Keine Verschiebung des Brexit, kein zweites Referendum, keine enge Bindung an die EU, aber auch keinen No-Deal, es ist einer dieser Abende im Unterhaus, der am nächsten Tag für viel Gesprächsstoff bei den Briten hier im Land sorgt.
Im English Shop in der Kölner Innenstadt wird schon seit Wochen über das Hin und Her gesprochen. In dem Laden in einer Nebenstraße unweit der Haupteinkaufsmeile gibt es englische Lebensmittel wie die beliebte bittere Orangenmarmelade, Tee, Chips, püriertes Gemüse oder Obst, bekannt als Relish oder auch den Brotaufstrichklassiker Marmite. Außerdem ein paar Bücher, britische Zeitschriften oder Tassen und Taschen mit dem Konterfei der Queen.
“Eine Umstellung und nicht ein Ende”
“Wir betrachten das, was wir hier machen als ein Souvenirgeschäft. Die Leute, die hierhin kommen, ob Anglophone oder Briten sehnen sich nach ein Stück Heimat”, erzählt Alexander McWhinney, Chef und Gründer des English Shops. Er ist selber Schotte, hat früher als Ingenieur bei Bosch gearbeitet. Als er von den Fahrten nach Hause ständig britische Produkte für Freunde mitbringen sollte, erwuchs daraus irgendwann sein Geschäftsmodell – der Handel mit britischen Produkten.
Wenn es nach ihm ginge, würde Großbritannien nicht aus der EU austreten.

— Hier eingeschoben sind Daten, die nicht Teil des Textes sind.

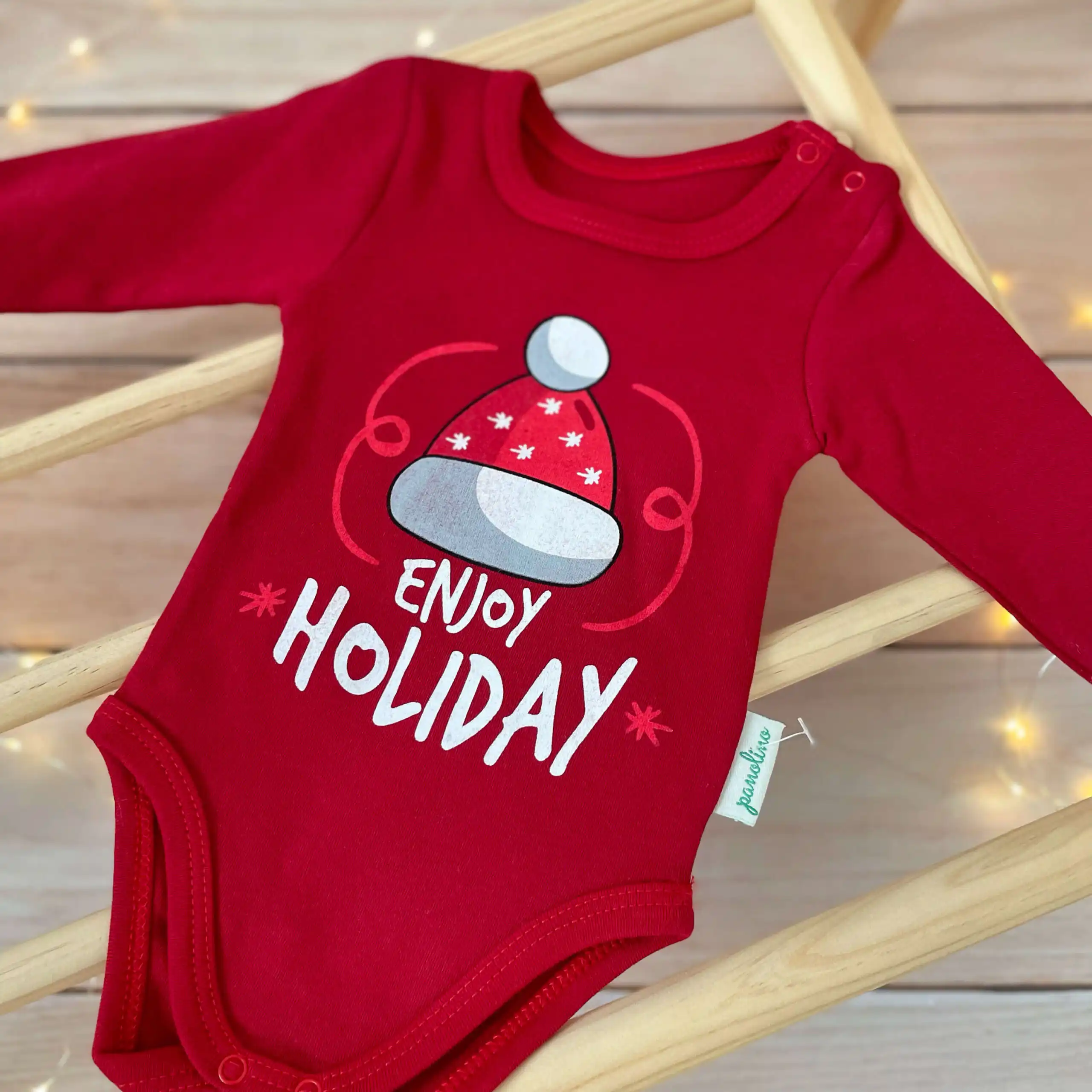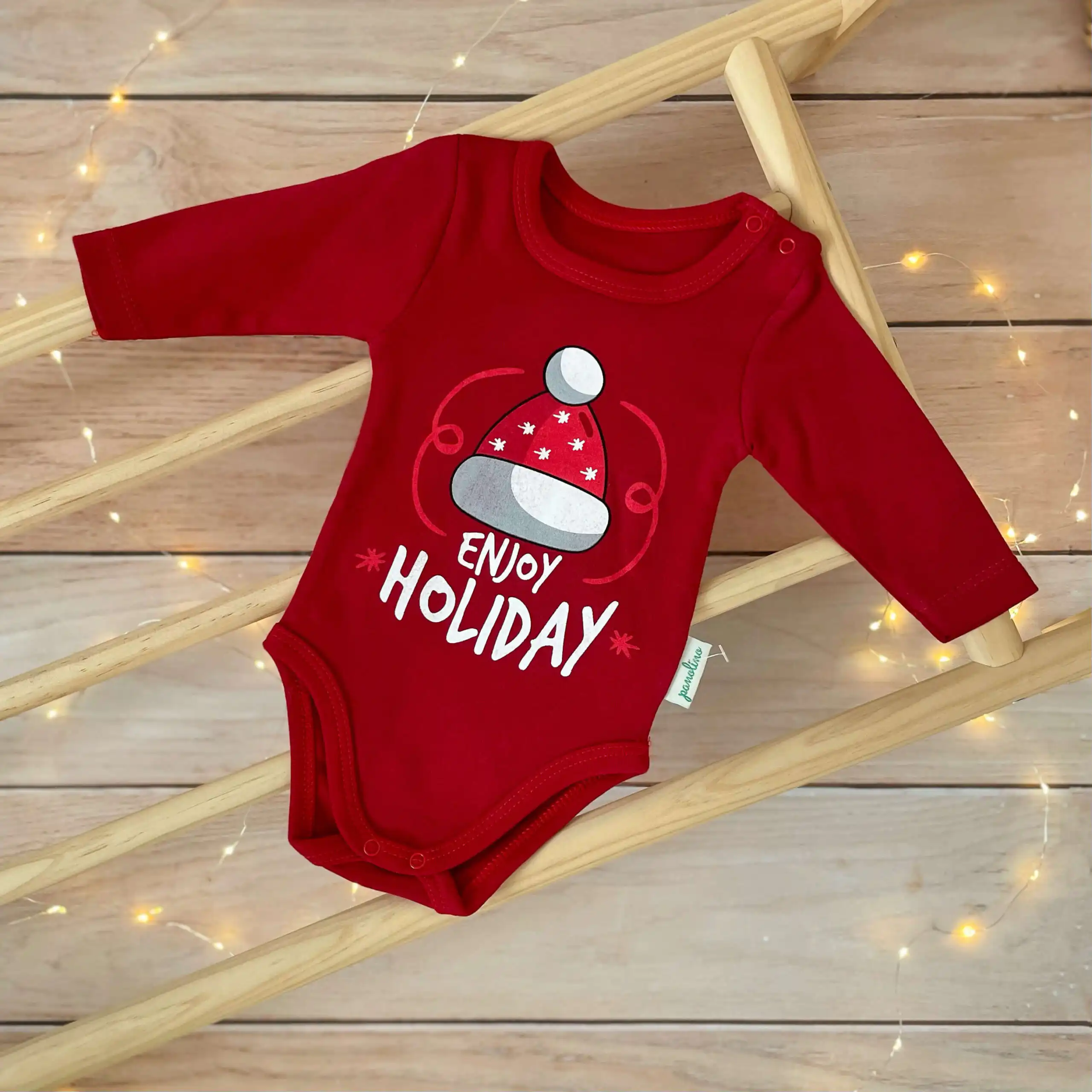 Pamučni novogodišnji bodić na duge rukave, u crvenoj boji, sa natpisom „Enjoy Holiday“.

Obwohl es ihn und seine Geschäfte unmittelbar betrifft, äußert er keine Sorge: “Die Verbindung wird nicht gekappt und die Insel wird auch nicht versinken. Die Briten werden weiterhin da sein und die EU wird weiterhin mit Großbritannien handeln, Handel treiben wollen und umgekehrt auch. Es ist eine Umstellung, wenn sie überhaupt kommt, ist es eine Umstellung und nicht ein Ende.”
Vorgesorgt hat Alexander McWhinney trotzdem, falls es zu den befürchteten Staus an der Grenze und Lieferengpässen kommen sollte. “Wir haben immer für zwei Wochen Ware auf Lager, jetzt werden wir es auf vier erhöhen und ich gehe davon aus, dass etwaige Störungen sehr schnell gelöst werden, wenn sie überhaupt vorkommen.
Ungewissheit zum Greifen
Von seinen Kunden sind nicht alle so optimistisch. Es könnte wegen der Zollabwicklung haken oder der bürokratische Mehraufwand könnte sich in den Preisen niederschlagen, befürchtet diese Britin: “The cost of it, being even more expensive than now. Maybe we wouldn’t come so often, maybe we wouldn’t buy so much.” Vielleicht kämen sie und ihr Mann nicht mehr so häufig oder sie kaufen weniger. Das würde sie schon sehr bedauern. Ihr Mann liebt zum Beispiel den englischen Porridge.
Es gibt nur den richtigen Scotts Porridge hier, sonst kriegst Du den in ganz Köln nicht. – Haben Sie Sorge, dass sie nach dem März ein paar Wochen auf die Sachen verzichten müssen? – könnte passieren, dass die dann im Hafen stecken bleiben.
Dieses Nicht-Wissen, was passiert, wie wird es weitergehen, ist auch im Laden greifbar. Ein Kunde ist inzwischen so genervt von dem Hin und Her, dass er sich am liebsten gar nicht mehr damit beschäftigen möchte. “Das ist schon 12 Mal hin und her gesprungen, langsam gucke ich da auch keine Nachrichten mehr, weil bis März wird sich noch so viel ändern, also… (lacht).“
“Lass es jetzt vorbei sein”
Dass Alexander McWhinney so ungerührt zuversichtlich ist, mag auch damit zusammenhängen, dass ihm der drohende ungeregelte Brexit zurzeit sogar noch mehr Geschäfte beschert. In seinem Laden verkauft er auch australische Produkte und verfügt daher über Erfahrungen im Umgang mit Ländern außerhalb der EU. Und die über die vielen Jahre aufgebauten Kontakte zu Großbritannien sind jetzt bei mittelständischen Unternehmen gefragt. Am Nachmittag hat er einen Termin mit einem deutschen Tierfutter-Hersteller, der Hilfe braucht um nach dem 29. März noch seine Ware weiter nach England zu bekommen. Er lächelt.
“Ich denke sehr viele sehen es sehr viel schwarzer. Die Leute, mit denen ich spreche, z.B. meine Familie, die sind sehr resigniert und die sagen ich will nur das es vorbei ist, lass es jetzt vorbei sein.”